In terms of traffic, domestic light luxury jewelry brands such as HEFANG became popular on the entire Internet due to the hit TV series "The Story of the Rose", and the number of stores surged to more than 60; returning to the traditional jewelry track, Caibai Co., Ltd. and Mancaron also achieved double growth in revenue and net profit in fiscal 2023.

Bloomberg luxury analyst Deborah Aitken estimates that Chinese consumers will account for about 23% of global luxury spending in 2024, compared with 33% before the outbreak.

She said that proportion could increase further by 2025, as the luxury market will grow by only 5% to 6% this year, while Chinese consumers' luxury consumption will still maintain double-digit growth.
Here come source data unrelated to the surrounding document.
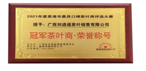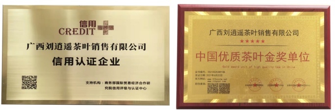 广西刘逍遥茶叶销售有限公司经过时间的沉淀我们企业也荣获:商务部信用评级与认证中心颁发的信用认证企业;荣获:中国优质茶叶金奖单位;荣获:冠军茶叶商荣誉称号等荣誉。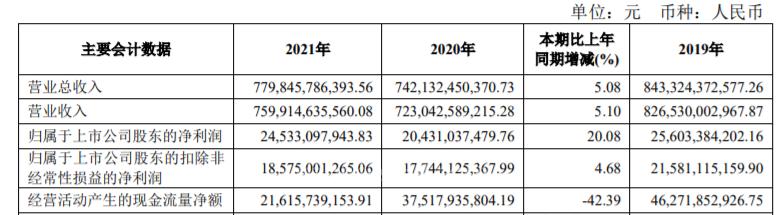 受上海疫情影響,上汽集團(tuán)本應(yīng)在今年3月發(fā)布的2021年年報直到近期才對外公布。2021年年度報告顯示,上汽集團(tuán)2021年營業(yè)總收入達(dá)7798.5億元,同比增長5.1%,歸屬于上市公司股東的凈利潤為245.3億元,同比增長20.1%。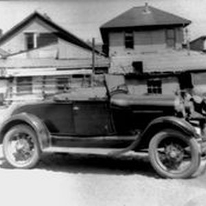Photo--black and white, from Borba 8" x 10" celluloid negative: A vintage convertible car, about 1930s standing in front of several buildings. Another car is seen to the right.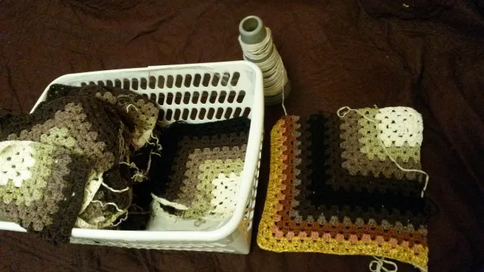 Вязала все квадраты олновременно-поэтапно, а не по одному полностью. В моем покрывале 56 квадратов - 7Х8.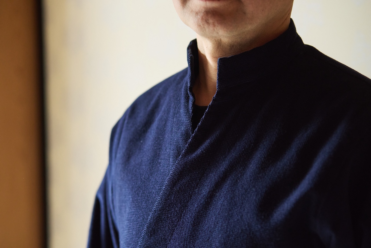 「通常の作務衣は襟元がVの字に開いているので、下に襦袢(じゅばん)のような白衣(はくえ)を着なければなりません。こちらは襟元が閉まっているので、白衣でなく動きやすいカジュアルなTシャツなどを着込むことができます。」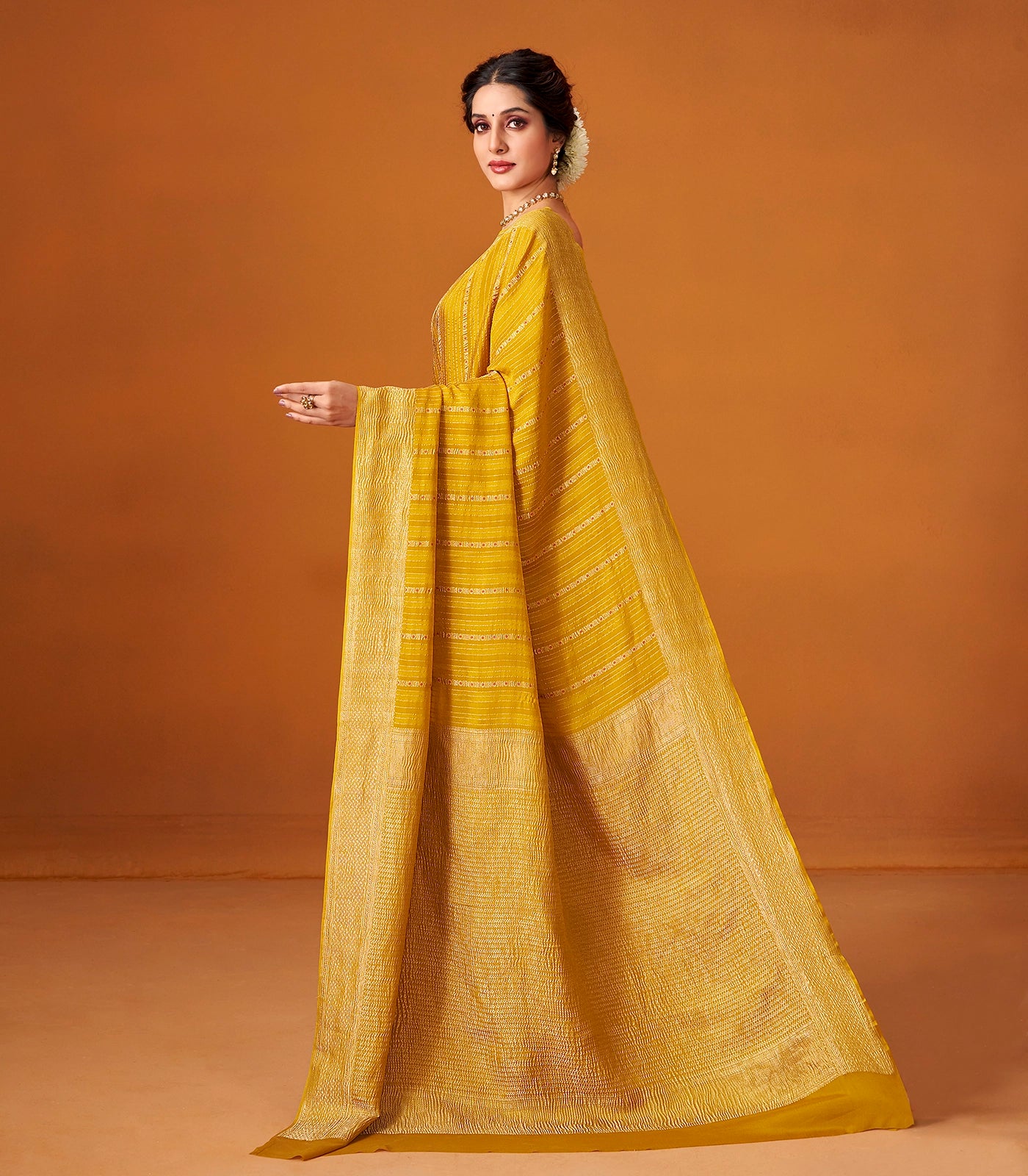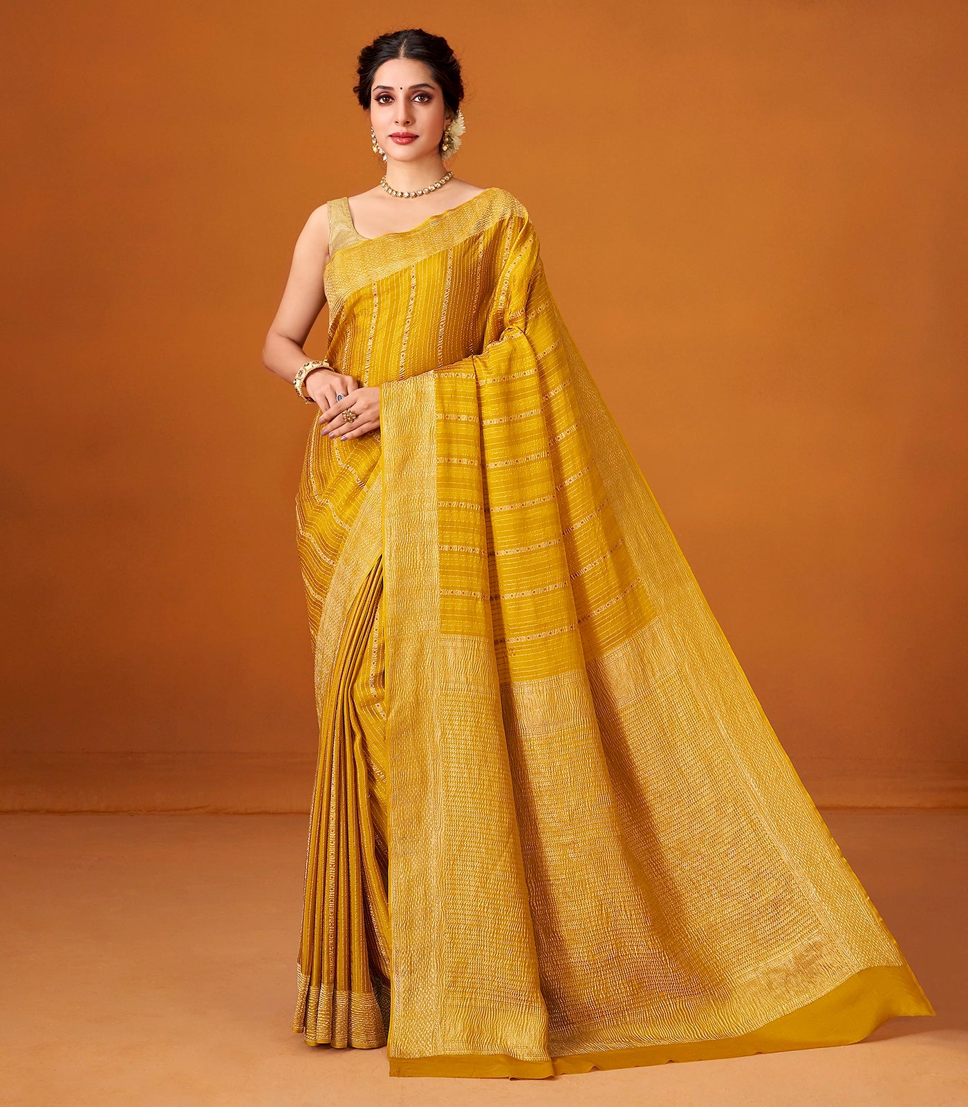This woven mysore crepe silk saree is filled with zari stripes in mustard body along with border and pallu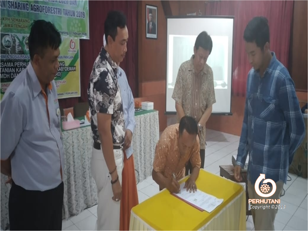 Perjanjian tersebut ditandatangani oleh Administratur KPH Semarang Khaerudin dan Ketua LMDH sewilayah KPH Semarang, dilanjutkan pembagian sharing sebesar Rp 19 juta.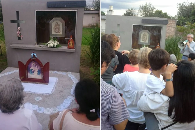 Luego de lo ocurrido, el jueves 30 de marzo se realizó un acto de desagravio a través del rezo del Rosario que fue acompañado por los vecinos del lugar y misioneros de la Virgen Peregrina de Schoenstatt.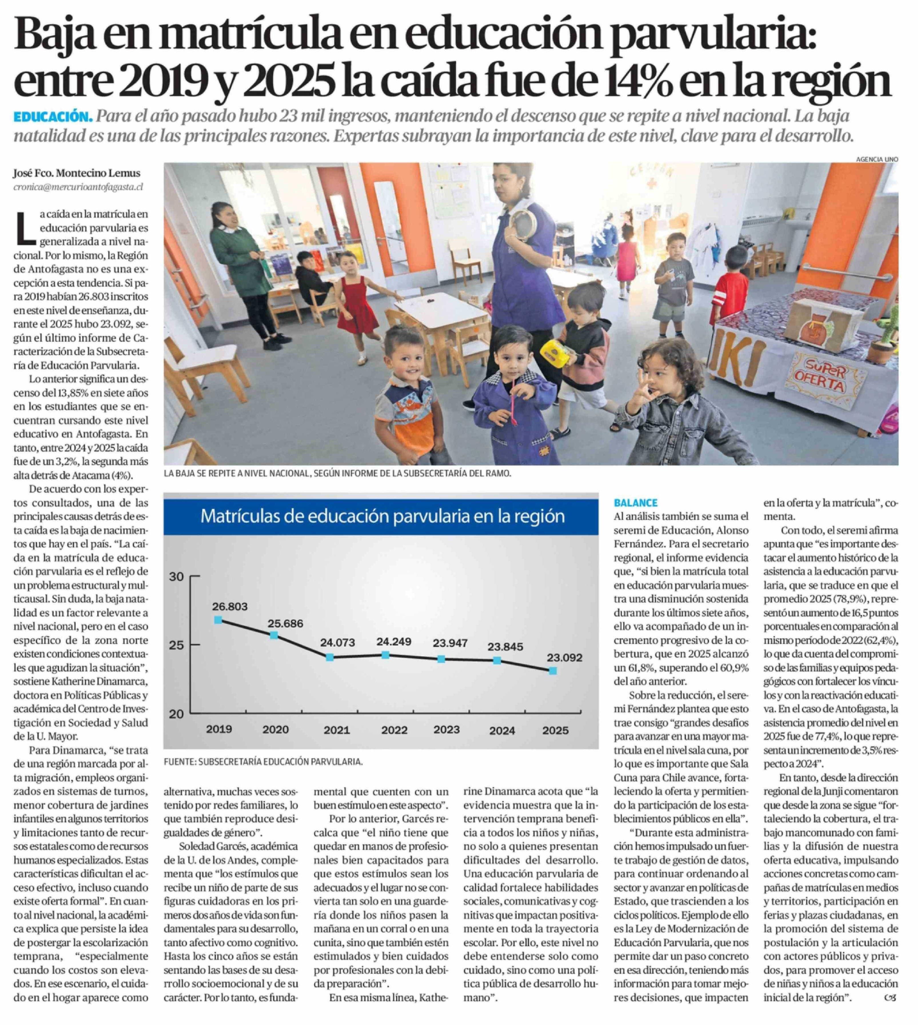 Título: Baja en matrícula en educación parvularia: entre 2019 y 2025 la caída fue de 14% en la región

Guo Jianguang said,Richemont needs to stabilize its performance by adjusting its store network and reducing the number of stores in non-international tourist cities, while increasing the promotion of low-priced and top luxury product lines and reducing financial pressure and investment risks through cooperative store opening plans. The Chinese market is crucial to regaining market share and improving performance.

Brands like Cartier have to keep rediscovering their direction in the Chinese market.